At 3:01, Nasdaq once again began routing orders to NYSE’s Arca.

Executives from several major exchanges joined a conference call to discuss, among other things, whether to declare some trades erroneous. After considerable debate, they decided to cancel trades in stocks and ETFs that had fallen or risen 60% or more.

In the final hour, trading remained erratic. At one point, Apple traded for nearly $100,000 a share on Arca, according to NYSE officials, after a buy order for 5,000 shares entered the market and only 4,105 shares were available. When Arca’s computers saw that no more shares were available to sell, the system automatically assigned a default price of $99,999 to the remaining 895 shares.
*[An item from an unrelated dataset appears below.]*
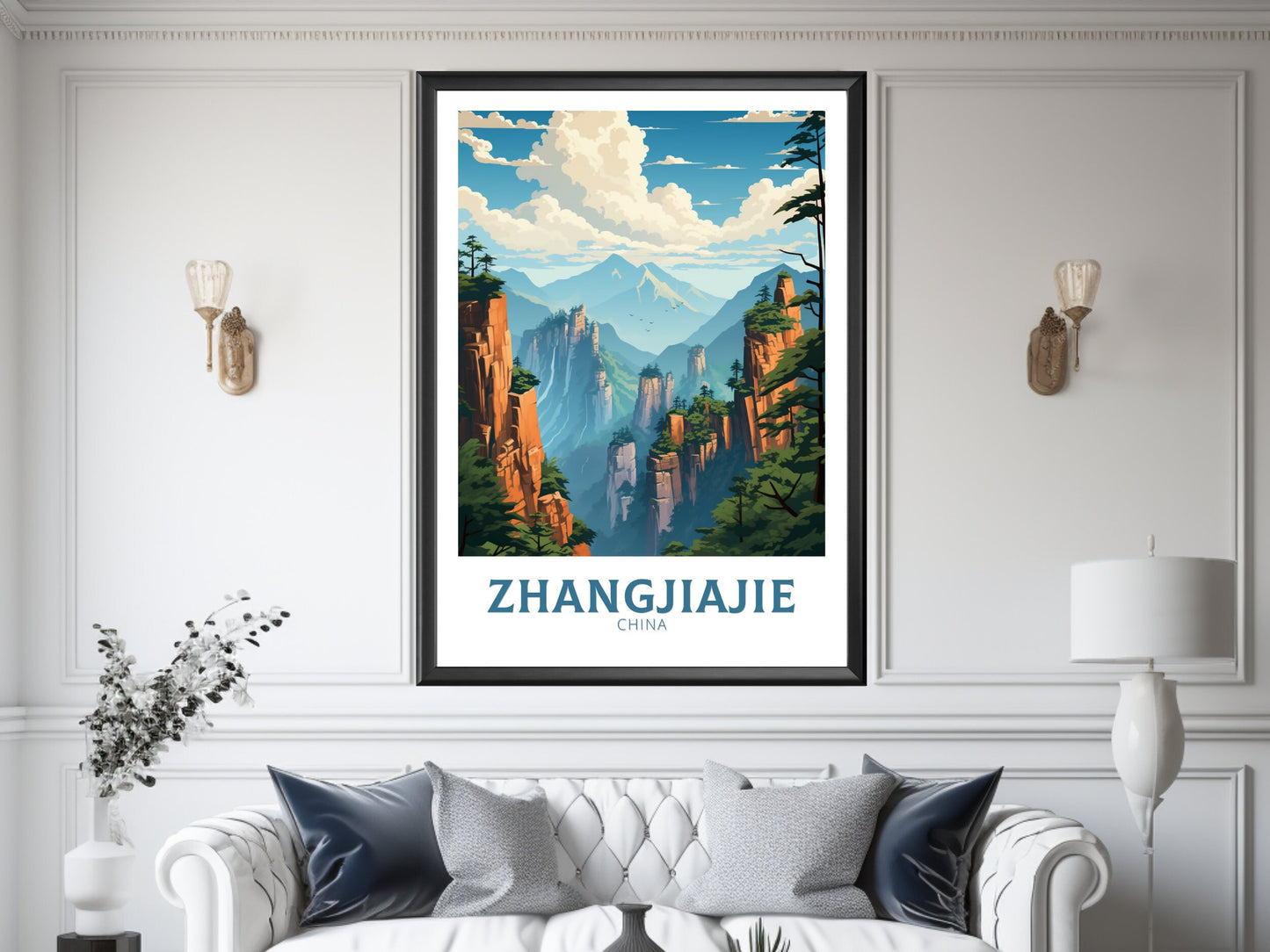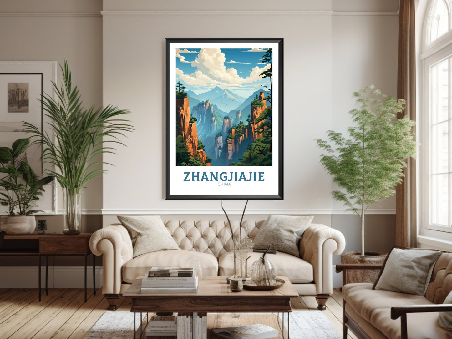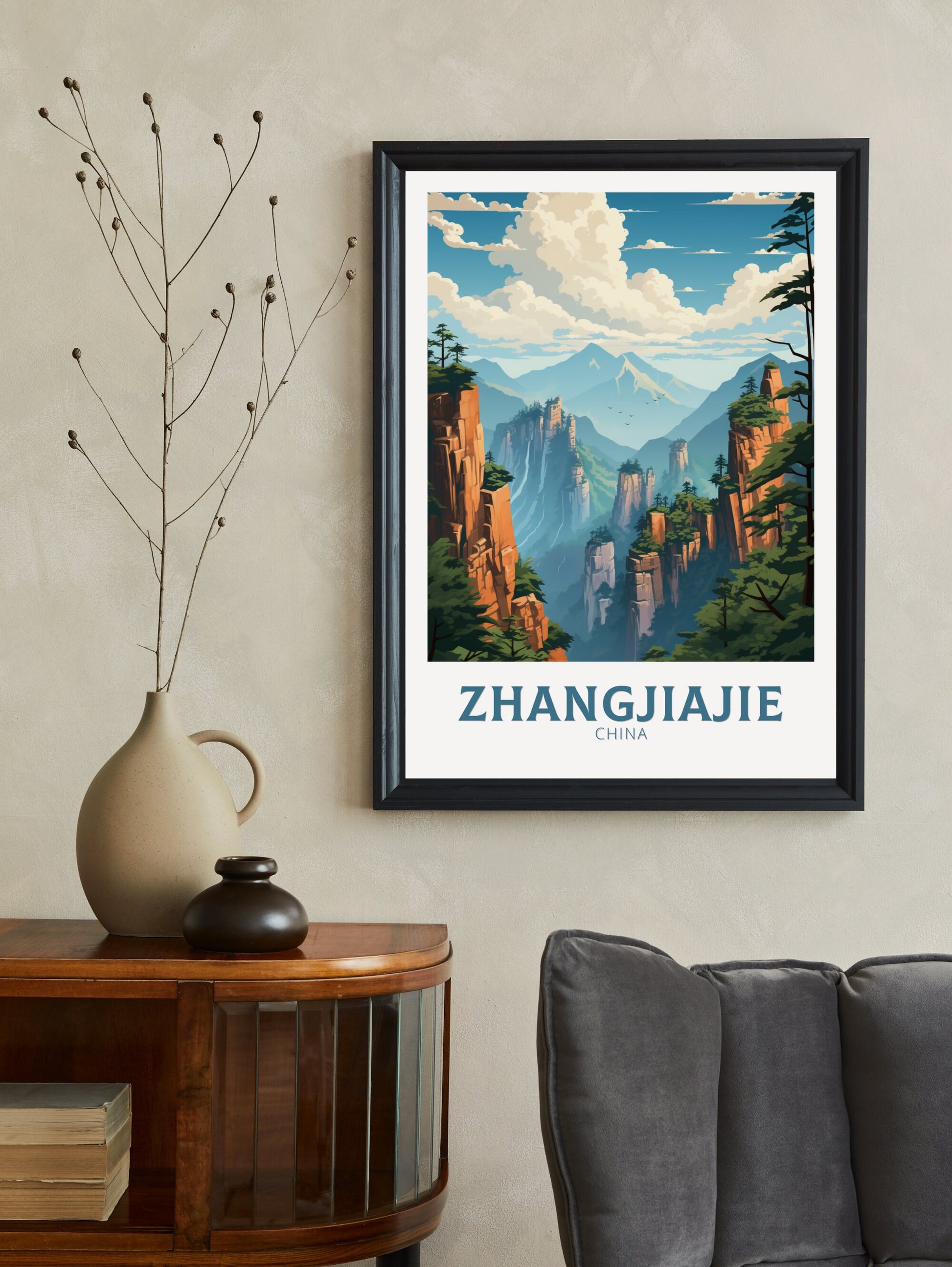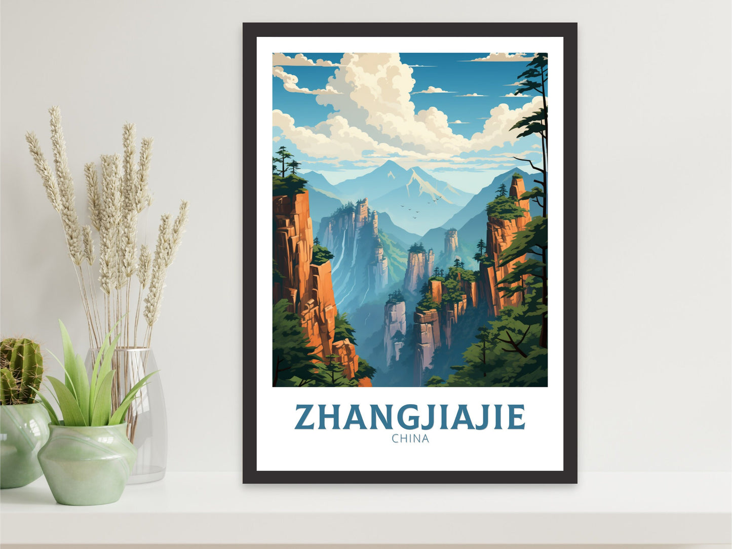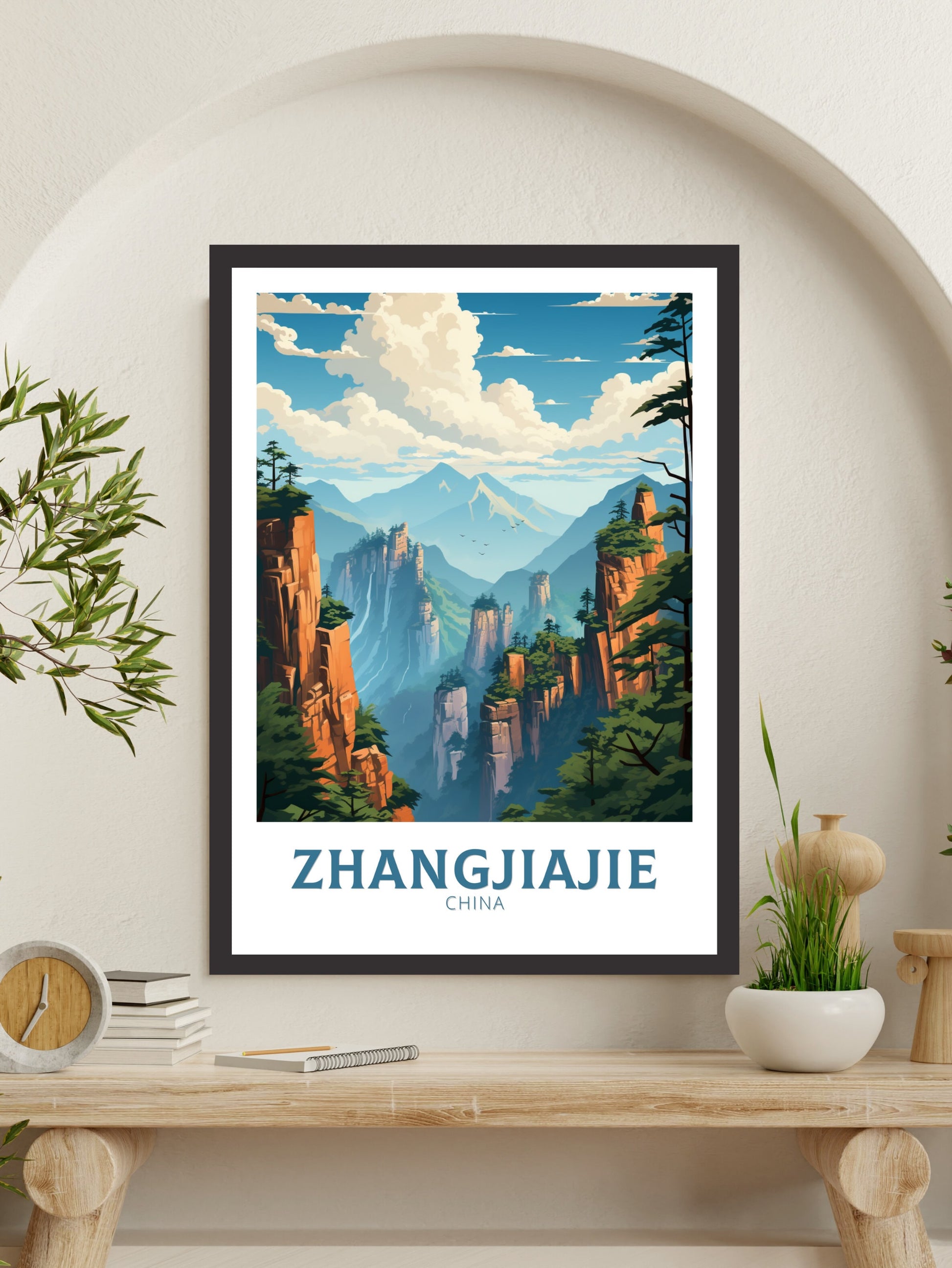 Cette œuvre mêle des verts luxuriants et des gris brumeux à l'essence surréaliste de Zhangjiajie, mettant en valeur sa majesté naturelle dans un style vibrant. Imprimée sur un papier de qualité supérieure, elle offre un éclat durable et une finition lisse, ce qui en fait un cadeau idéal pour les aventuriers ou les collectionneurs d'art. Cette affiche de Zhangjiajie apporte une touche de charme surnaturel à n'importe quel mur.
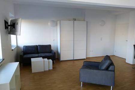 Questo appartamento moderno ed elegantemente arredato si trova in un condominio con 12 appartamenti a Stoccarda-Zuffenhausen. È dotato di una cucina completamente attrezzata, Internet ad alta velocità sicuro, attrezzature di alta qualità e luci da incasso a LED all'avanguardia. La camera da letto è separata da porte scorrevoli in vetro smerigliato e un letto a molle francese di alta qualità 1,40m x 2,00m. Lavatrici e asciugatrici sono disponibili nel seminterrato.

Those trades later were cancelled.

4 p.m., Dow closes down 342 points

May 6 exposed frailties in U.S. markets that hadn’t been seen before. The SEC and Commodities Futures Trading Commission expect to issue a final report on the flash crash within a few months.

Regulators have moved to fix some problems revealed that day.

New circuit breakers, now in pilot mode, require a five-minute trading halt on S&P 500 stocks that move more than 10% within five minutes. These ‘collars’ could help keep prices from suddenly cascading.

But some forces behind the flash crash seem beyond the reach of regulators. Exchanges are unlikely to be able to prevent high-frequency trading firms or statistical-arbitrage firms from bailing out of the market en masse.

The challenge for regulators and exchange operators is whether they can find ways to protect investors in a market ever-more defined by high-speed trading. It may be that such a market is inherently vulnerable to high-speed crashes.